USA: Saab asks to dismiss charges he faces and release him

    USA: Saab asks to dismiss charges he faces and release him

    MIAMI ( Associated Press) — Businessman Alex Saab, whom the United States considers a key ally of Venezuelan President Nicolás Maduro, has asked a federal court in South Florida to dismiss the money laundering charges he faces and order his immediate release under the allegation that he was illegally “kidnapped” while traveling as a diplomat to Iran.

    It is a new motion filed Monday night in which Saab took up allegations he has previously made in an attempt to show that he enjoyed diplomatic immunity at the time of his arrest and therefore cannot face charges in the United States. Joined.

    This time, however, his request is accompanied by numerous written testimonies and documents as evidence, including, among others, copies of the alleged diplomatic passport and letters sent by the Maduro government to the United States. The defense seeks to demonstrate with them that Saab’s detention in Cape Verde in June 2020 was illegal and that the United States knew at the time that the Colombian businessman was a diplomat from Venezuela.

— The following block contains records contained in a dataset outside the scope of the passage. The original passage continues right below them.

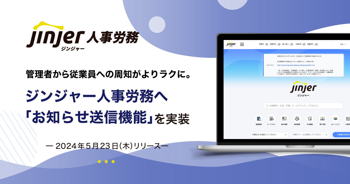 管理者から従業員への周知がよりラクに。ジンジャー人事労務で「お知らせ送信機能」を実装
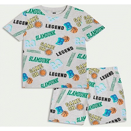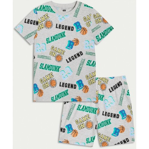 Boys Pure Cotton Basketball Print Pyjama Set in Grey
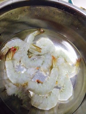 买好的青虾,用清水淘洗两遍,去掉虾头和虾壳,保留虾尾。
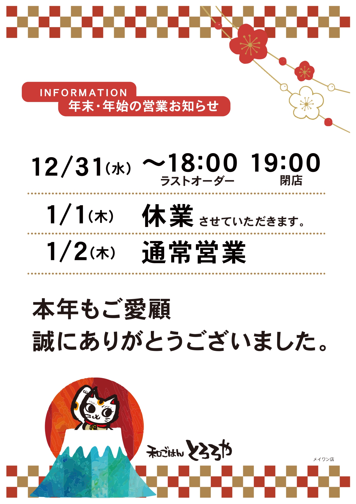 メイワン店 年末・年始営業のお知らせ
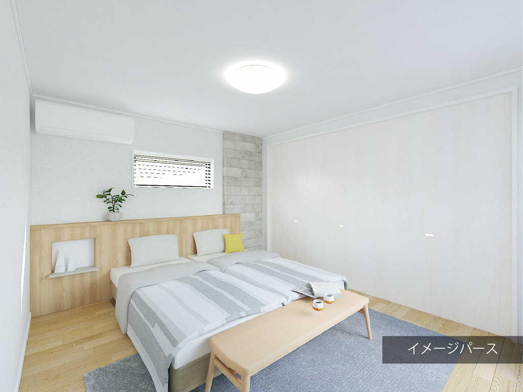 南向きバルコニーに面した明るい主寝室。壁一面に設けた大型クローゼットは収納力抜群。
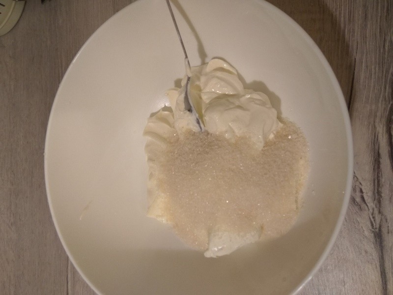 Готовим крем для торта: взбиваем миксером сметану с сахаром и ванилином.
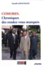 COMORES. Chroniques des rendez-vous manqués "Puis vint le 29 avril 1999. Le colonel Azali Assoumani, chef d'Etat-major de l'ar- mée comorienne prit le pouvoir par un coup d'Etat. L'Etat comorien était alors depuis près de deux ans dans une déliquescence jamais at- teinte (...) Les militaires en profitèrent pour prendre le pouvoir, avec la bienveillance de certains par- tis politiques. Le Front Démocratique est un des partis qui croyaient que le colonel Azali pouvait donner une nouvelle orientation au pays.
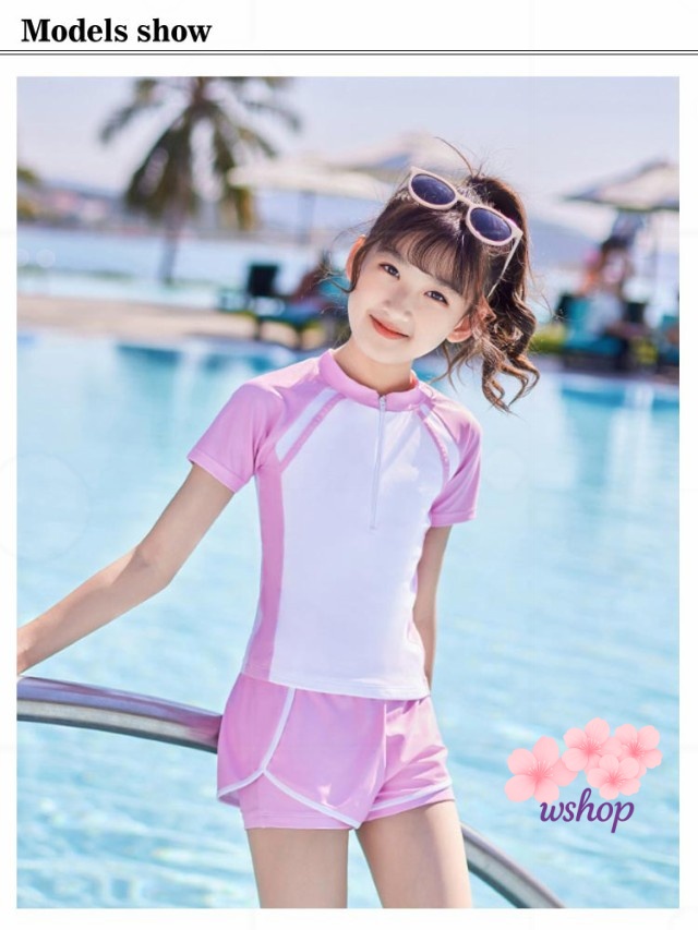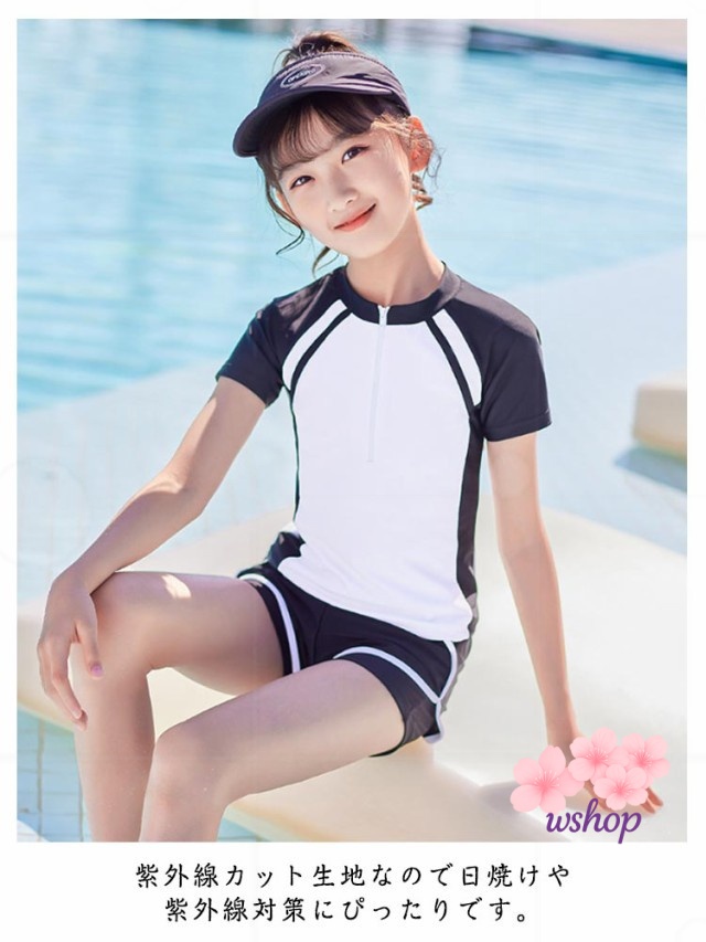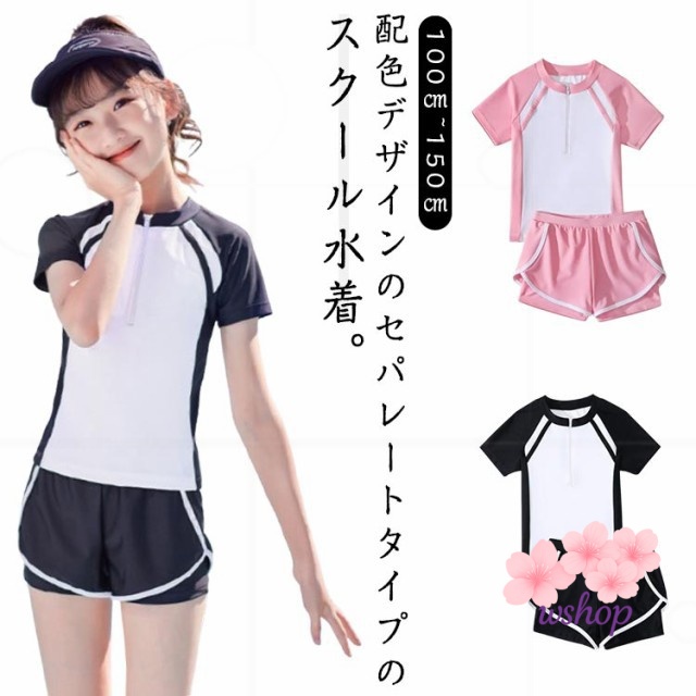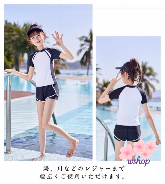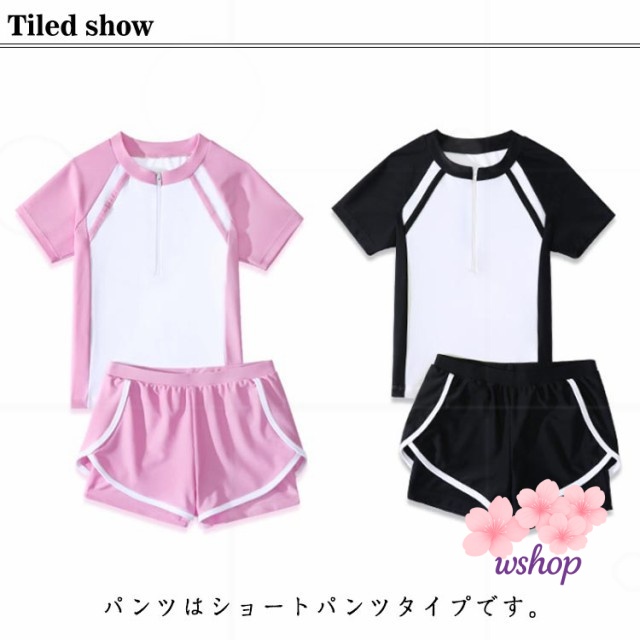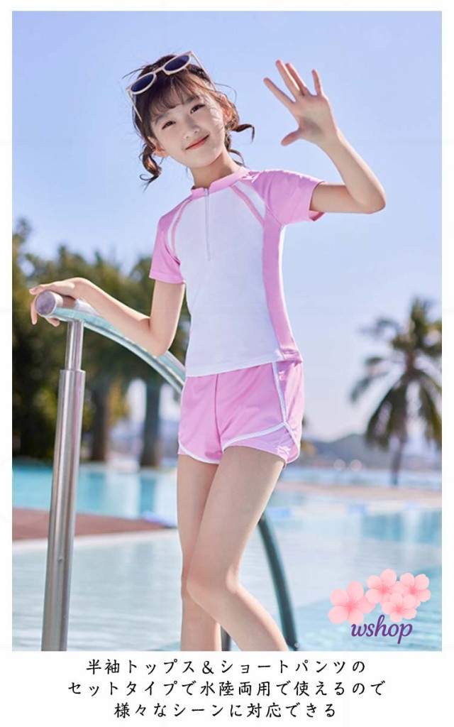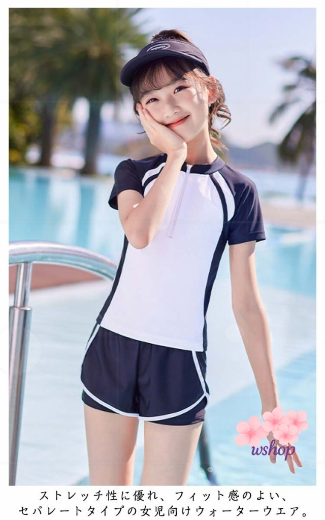 【wshop】水泳 140cm スイムウェア 2点セット 150cm UVカット 小学校 110cm キッズ セパレート ジュニア かわいい 高校生 パッド付 スイミング 女子 女の子 トップス 120cm 100cm 女児 水着 中学生 ショートパンツ スクール水着 半袖 キッズ水着 130cm 子供 ジュニア

    “The facts show without a doubt that Mr. Saab was a special envoy to Iran on behalf of Venezuela and the only question that remains is legal, and not factual, and it is this: Did Mr. Saab have diplomatic immunity when he was traveling to Iran? ?” said the businessman’s lawyers in the 39-page motion. “The answer to this question is indisputably ‘yes,’” they continued.

    Saab, whom Washington considers Maduro’s figurehead, was extradited from Cape Verde to face charges of laundering hundreds of millions of dollars from corrupt deals he obtained by paying bribes to Venezuelan officials in exchange for home construction contracts. economic.

    The businessman pleaded not guilty. He initially faced eight charges, but the prosecution withdrew seven of them as part of a deal sealed with Cape Verde for his extradition. If convicted, he could face up to 20 years in prison.

    Saab alleges that he was on a humanitarian mission en route to Iran when his plane stopped in Cape Verde to refuel. His lawyers assure that the United States knew that he was heading for those negotiations and that he had been notified of his immunity through diplomatic channels and by Interpol itself.

    “The court should dismiss the accusations and order the immediate release of Mr. Saab so that he can continue with his mission to Iran or return to Venezuela” to be given further instructions on that mission, the businessman’s lawyers requested in the document that appears in the online file.

    The prosecution has denied that the government knew of the alleged diplomatic status at the time of the arrest and has resisted handing over documents from the State Department requested by Saab in which it would be evidence that it did have that information.


    Associated Press reporter Joshua Goodman contributed this information.